The Ukrainians

Diaspora

Zirka 038CD14

***

Full Price (53 mins)



Originally published in Songlines.

By now, the story of how 80s rock band The Wedding Present reworked some Ukrainian folk tunes for a BBC John Peel Session, and ended up with a minor chart hit on their hands is the stuff of legend. Much horilka has flowed since those heady days – Cossack culture is hip back home again, and their student fan-base has been usurped by upstarts Gogol Bordello – but the trusty Ukes show no sign of tiring.
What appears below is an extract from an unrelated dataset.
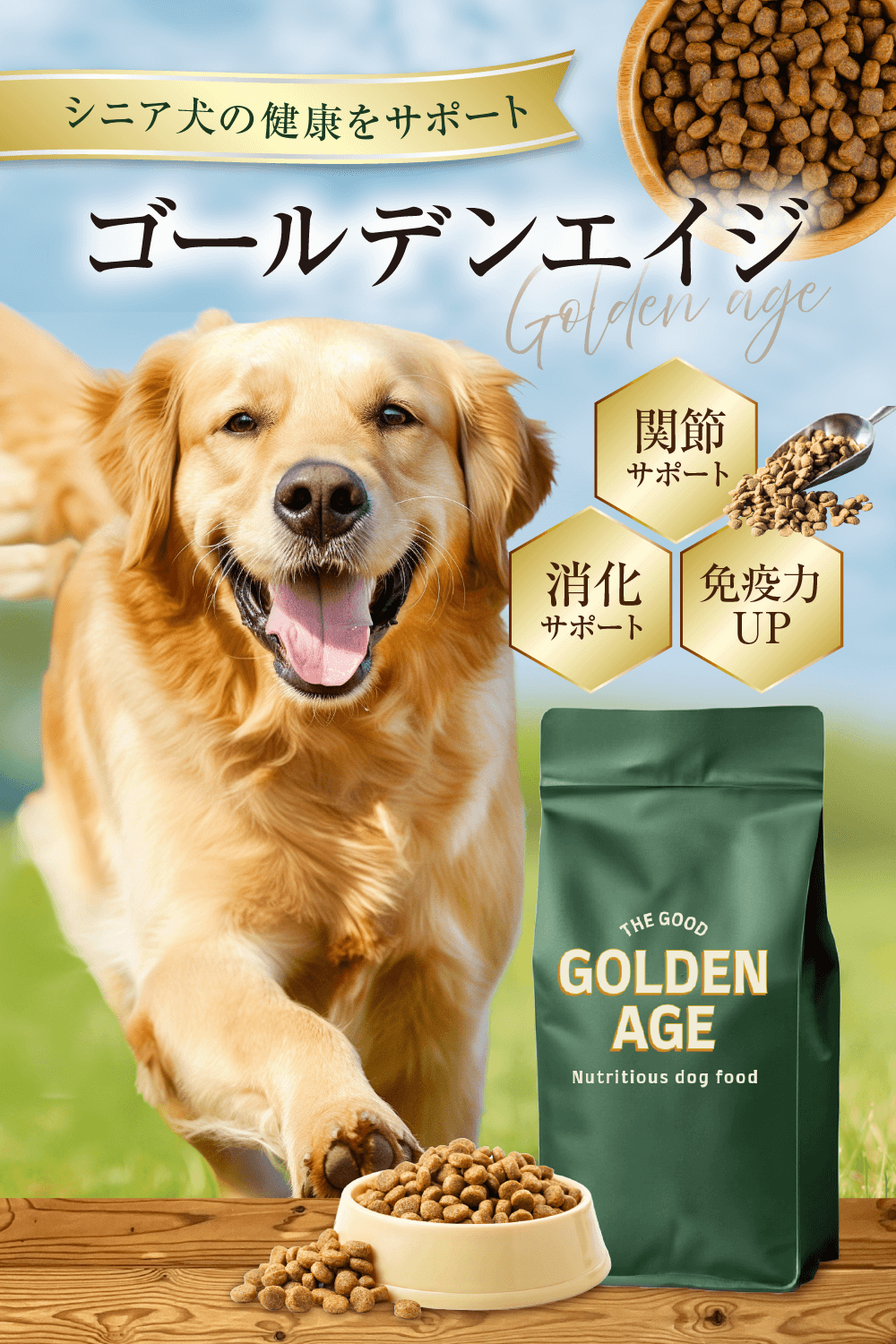 ネット上の練習課題として、シニア犬の健康をサポートするドッグフード「ゴールデンエイジ」のバナーを制作しました。飼い主が求める「愛犬の健康」と「安心感」を強く訴求し、製品の具体的なサポート内容を明確に伝えることを目的としています。

With their trademark soaring field harmonies above the chugging, old school rock n roll ethos, and traditional bandura lute and accordion dancing over distortion pedals, Diaspora is a return to form. Amongst their covers this time around, Brahms’s Hungarian Dances – it is basically Ukrainian according to the Ukes – and T Rex’s Children of the Revolution. It’s all typically rousing stuff, particularly the supercharged Brahms reworking ‘Emigranty’ and the violin led thrashout ‘Marusya Bohuslavka’, where the heroic maiden Marusya rescues some Cossacks stuck in a 17th century epic poem. You’ll need a strong stomach for some of the lyrics – which can get a bit too strident and flag-waving for my taste – but if you can take the rose-tinted eulogies to the great nation with irony, Diaspora is an hour of classic Ukrainians material: fast, furious, and very vodka-friendly.